This should be good news for Oklahoma, where oil and natural gas production now ranks as the state’s leading private-sector industry, according to the U.S. Bureau of Economic Analysis.

Oklahoma’s 2014 legislative session centered around a variety of issues, including whether to raise the state’s gross production tax rate on oil and gas drilling. Tax consumers and big-government advocates pushed to increase the tax by as much as 600 percent.

Ultimately, a compromise set a 2-percent tax rate on all new wells for the first three years of production.
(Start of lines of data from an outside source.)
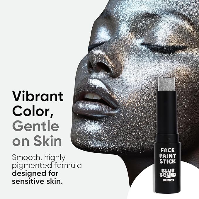 Blue Squid PRO Metallic Silver Face Paint Stick - Waterproof Silver Body Paint Adults & Kids Eye Black Baseball, Eyeblack Softball -Hypoallergenic Twist-Up Non-Toxic Makeup Stick Cosplay, Sports & SFX
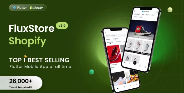 FluxStore Shopify is a Full Flutter Application that creates iOS and Android mobile apps for your existing Shopify Websites with impressive UI design and rich e-commerce functionalities.
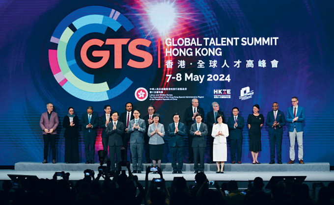 ▲首屆“香港.全球人才高峰會”在香港會展開幕,李家超(前排右三)主禮。
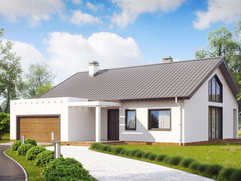 Projekt Z202 jest jednorodzinnym domem parterowym z możliwością zaadaptowania poddasza. Funkcjonalny układ pomieszczeń zapewni komfort codziennego użytkowania.
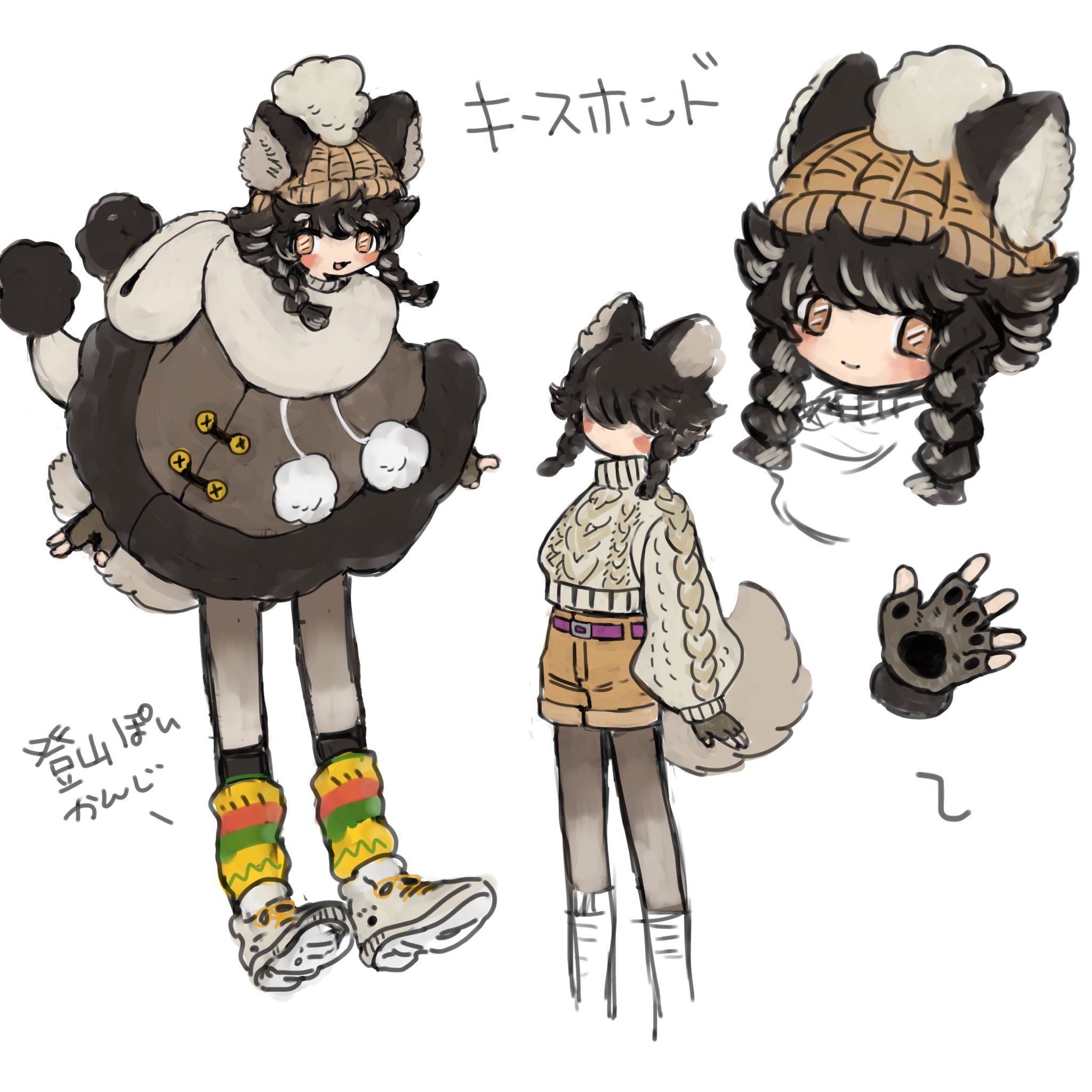 1boy animal_ears beanie braid brown_eyes brown_gloves brown_hair brown_hat brown_pantyhose brown_shorts brown_sweater reference_sheet closed_mouth commentary_request dog_boy dog_ears dog_tail ears_through_headwear fingerless_gloves full_body fur-trimmed_poncho gloves hat highres leg_warmers long_sleeves looking_at_viewer male_focus multicolored_hair multiple_views original pantyhose paw_print_palms poncho shima_(wansyon144) shoes shorts simple_background smile sneakers streaked_hair sweater tail translation_request trap twin_braids white_background
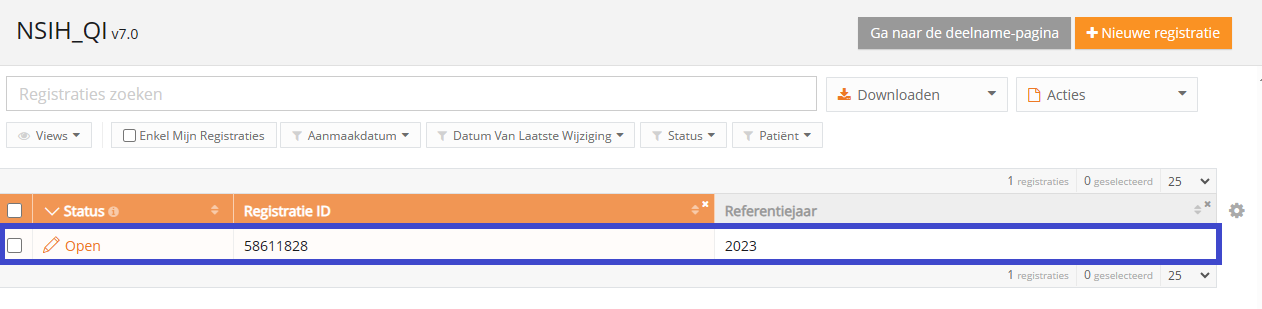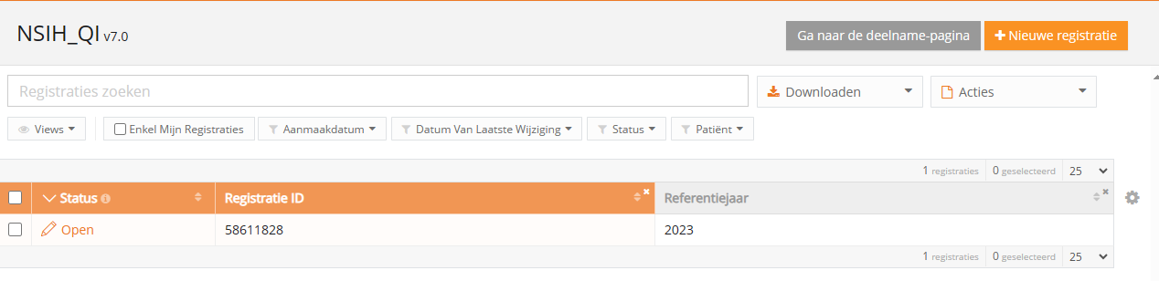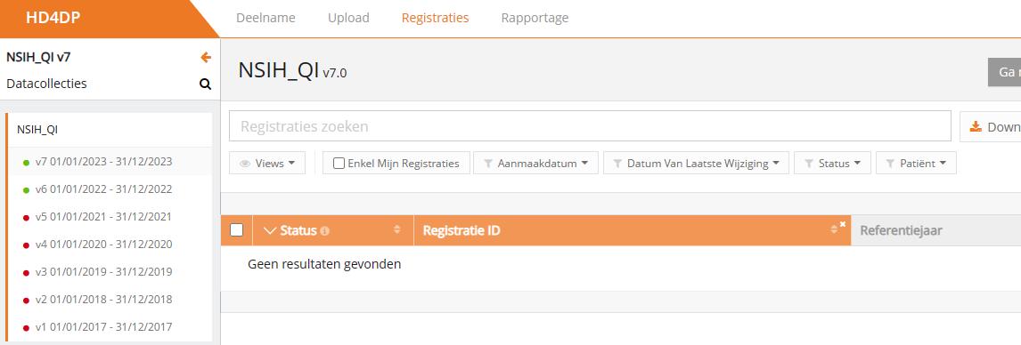 Een registratie creëren in HD4DP v1In het Data Collection-scherm ziet de gebruiker de bestaande registers. Vanuit dit scherm kan een gebruiker dan een datacollectie starten.

This new tax structure was locked in permanently, providing producers more certainty to allocate capital in Oklahoma.

Throughout session, much debate was given to whether energy producers were contributing their “fair share” to Oklahoma’s economy and state tax collections.

Now, new research from scholars at Oklahoma City University provides additional evidence that, in fact, Oklahoma’s energy producers are doing much to drive the state’s economy and its jobs climate.

These findings suggest Oklahoma’s oil and natural gas industry represents one in five jobs in the state, as well as $1 out of every $3 in gross state product. Average annual pay in the industry was about $94,500, and each industry employee added roughly $197,000 to Oklahoma’s economic output.

All this activity has helped produce record-high total tax collections for Oklahoma’s state government. As Michael Carnuccio, Oklahoma Council of Public Affairs president, points out, gross production taxes from oil and gas drilling in Fiscal Year 2014 accounted for $665.4 million of this revenue record.

Still, many Oklahomans remember past busts in the state’s drilling sector and are careful not to take high times for granted. As a recent editorial in The Oklahoman reminds us, this is all the more reason to keep a low a tax burden on the private-sector job creators and entrepreneurs driving the current growth in Oklahoma’s energy industry.

As Oklahoma competes with other states for jobs and economic opportunity for its citizens, the policies it adopts toward drilling are key. Reports that New Mexico has passed Oklahoma as the fifth-richest oil state in the country are yet another reminder that the interstate competition never stops.